# DVD Bitrate



## Zyberion (16. Februar 2006)

Hallo...
Also ich habe eine DvD erstellt und alles lief super und sah auch gut aus.
Nun hatte ich nen Fehler im Schnitt, mache also nochmal Premiere auf, korigiere den Schnitt und will wieder ganz normal über den MPEG Encoder exportieren und sehe zufällig unter "Presets" das ich eine Medium Bitrate gewählt habe.

Lohnt es sich die höher zu schrauben?
Wird die Qualität dabei noch besser?
Der Film geht nur knapp 5Minuten wäre die volle Auflösung ratsam oder gibts da Probleme mit den Playern.
man kennet das ja wenn man nen Film öffnet der ne Minute lang geht aber 1GB gross ist, dann ruckelts.

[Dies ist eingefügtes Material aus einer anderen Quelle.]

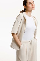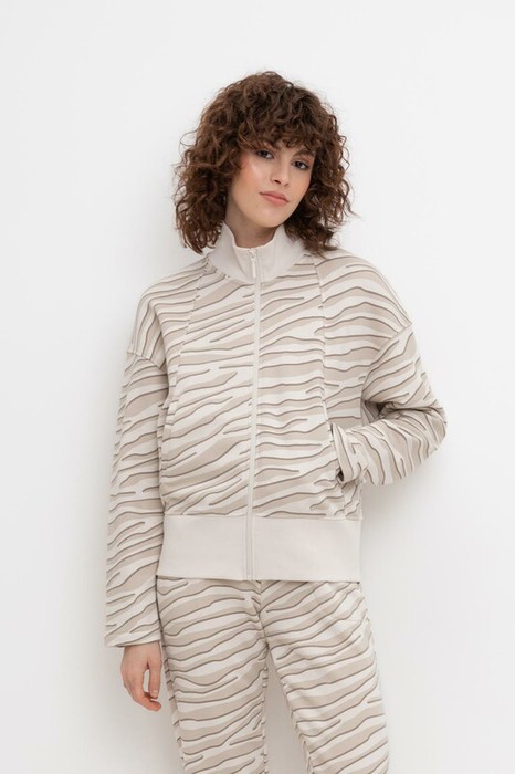 Тёплая трикотажная куртка на молнии с высоким воротником стойкой и широким поясом. Произведена из мягкого набивного трикотажного футера трёхнитки. В составе 80% натурального хлопка и 20% полиэстера, при этом полиэстер ввязан внутрь по особой технологии и не соприкасается с кожей.

Also momentan steht meine Video Bitrate auf 6000 und meine  Encoder Quality 39.
Weis heist Encoder Quality eigentlich?

Kann ich gedenkenlos alles hochschrauben?
Bye


----------



## chmee (16. Februar 2006)

Die Bitrate ist per DVD-Video-Norm auf 8000KBit festgesetzt.
Davon ziehst Du die Audiospur ab, besser großzügig und dann landest
Du bei einer CBR von etwa 7500KBit, wenn Du Ton-AC3 bei -ich glaube- 384KBit
kodierst.
Die Encoder-Qualität ist sowas wie die Betrachtungsart des Originals, hohe
Qualität heisst die Punkte mehrmals vergleichen und überlegen wie die am Besten
encodet werden.

Ich denke mit einer Rate von 6000-7000 ist alles Gut. Schau nach Einstellungen wie
2Pass, Vcsd oder Auto-GOP.

mfg chmee


----------



## Zyberion (16. Februar 2006)

Nagut..werd ich mal testen...
Danke


----------